'''

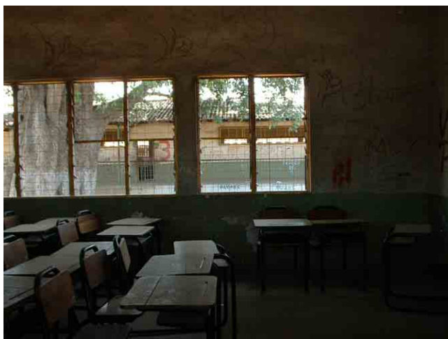
11 要請校 No.512(Rangel 市):暗くて老朽化している教室内部。
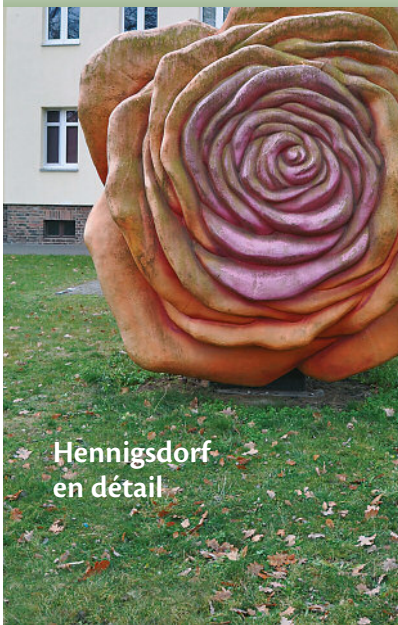
Hennigsdorf en détail

Kunstblume. Aus der Sebnitzer Manufaktur kommt diese riesige Rose ganz sicher nicht. Bevor sie ihren Weg nach Hennigsdorf auf eine Rasenfläche an der Clara-Schabbel-Straße fand, steckte sie in einem großen „Geburtstagsstrauß“ für einen weltberühmten Platz im Herzen Berlins. Wenn Sie wissen, für welchen Berliner Platz der Künstler Sergej Dott den „Geburtstagsstrauß“ ursprünglich „gebunden“ hatte, haben Sie die Chance, 50 Euro zu gewinnen.
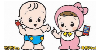
▲国勢調査イメージキャラクター「センサスくん」と「みらいちゃん」

パソコンやスマートフォンを利用したオンライン回答、調査票での回答(郵送可)ができます。
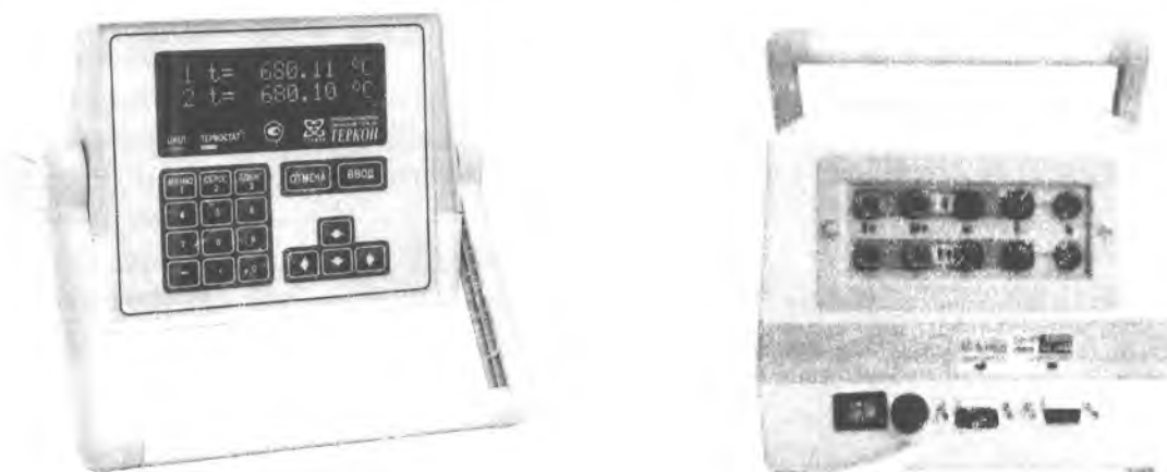
а) вид спереди

Прибор «Теркон» является переносным настольным прибором с ручкой, используемой для переноски и фиксации в нужном положении на столе (рисунок 1).
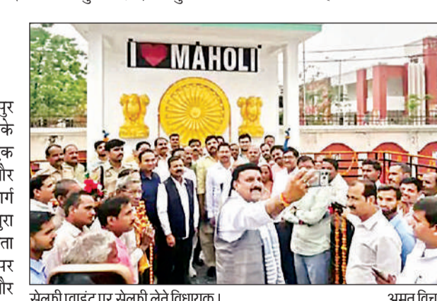
सेल्फी व्हाइट पर सेल्फी लेते विधायक।
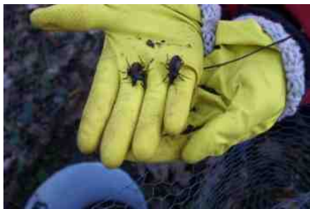
Paarse schallebijters als bijvangst. Foto boven en midden.
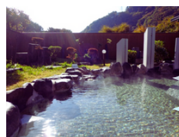
天然温泉 つたの湯
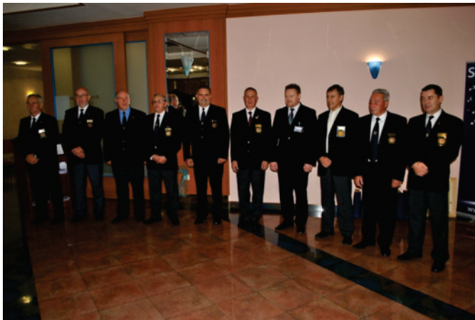
Novo vodstvo IPA sekcije Slovenije
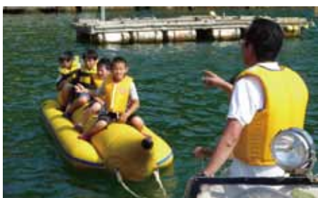
【穴水町への訪問】 スリル満点のパナナボートを体験
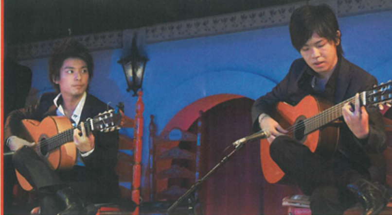
フラメンコギター DUO

※出演時間は都合により変更になる場合があります。 ※雨天時は6階展望ホールで14:30から開催。
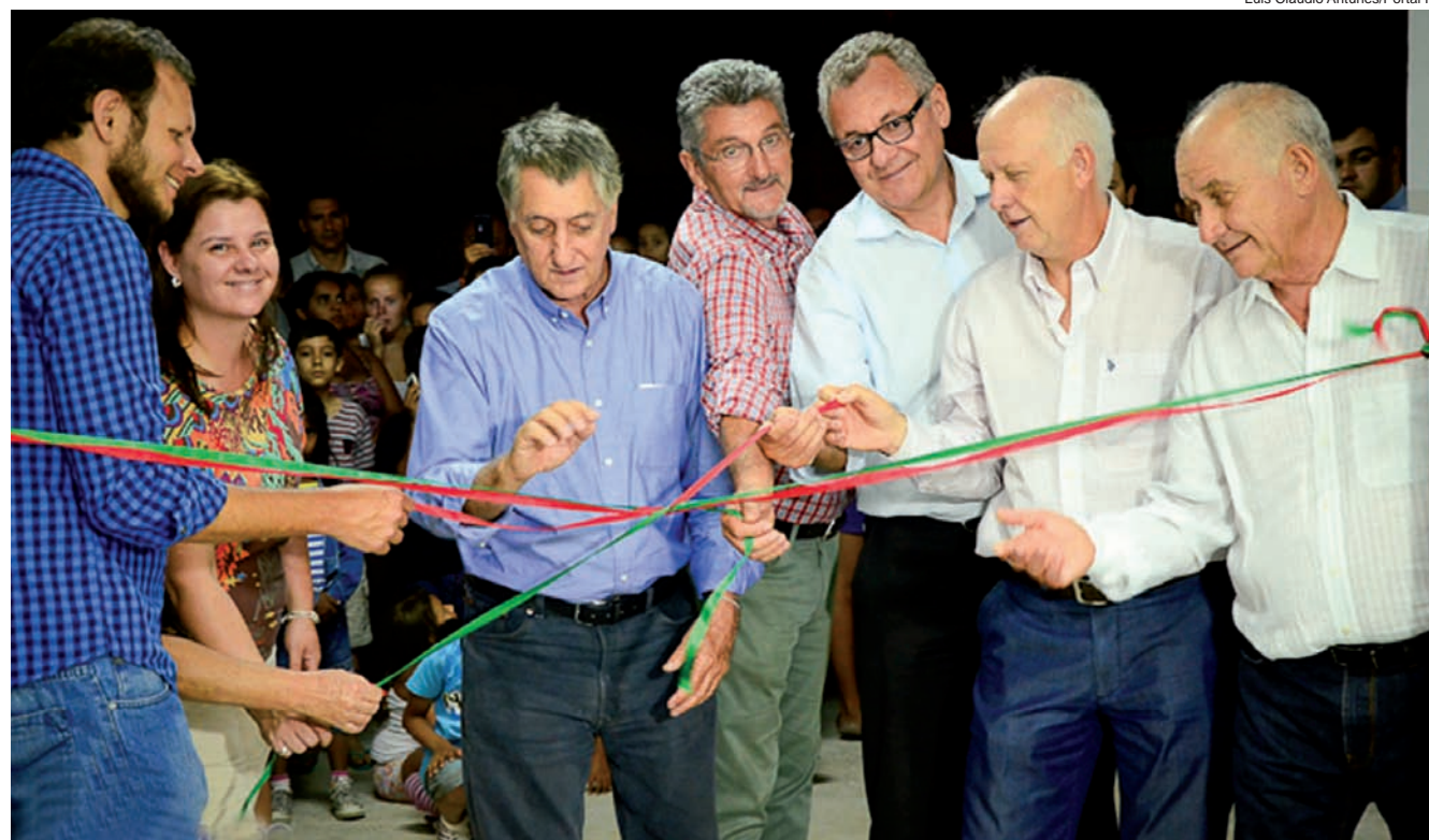
Autoridades descerraram a fita do prédio, que fica na rua José Lino de Macedo, 110, Vila São Paulo
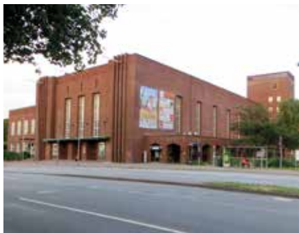
Das „51 Stufen“ im Deutschen Haus
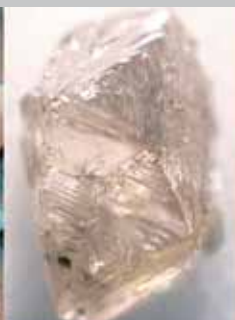
Minéral de haute pression dans un diamant
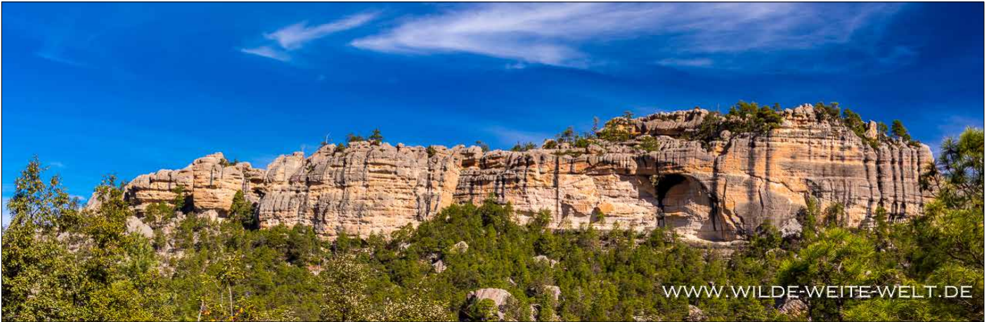
MAGUARICHI ARCH II

'''

## What the exercise asks
Copy out, from the data above, each line where the string "Hennigsdorf" is present.

## Your response
Hennigsdorf en détail
Kunstblume. Aus der Sebnitzer Manufaktur kommt diese riesige Rose ganz sicher nicht. Bevor sie ihren Weg nach Hennigsdorf auf eine Rasenfläche an der Clara-Schabbel-Straße fand, steckte sie in einem großen „Geburtstagsstrauß“ für einen weltberühmten Platz im Herzen Berlins. Wenn Sie wissen, für welchen Berliner Platz der Künstler Sergej Dott den „Geburtstagsstrauß“ ursprünglich „gebunden“ hatte, haben Sie die Chance, 50 Euro zu gewinnen.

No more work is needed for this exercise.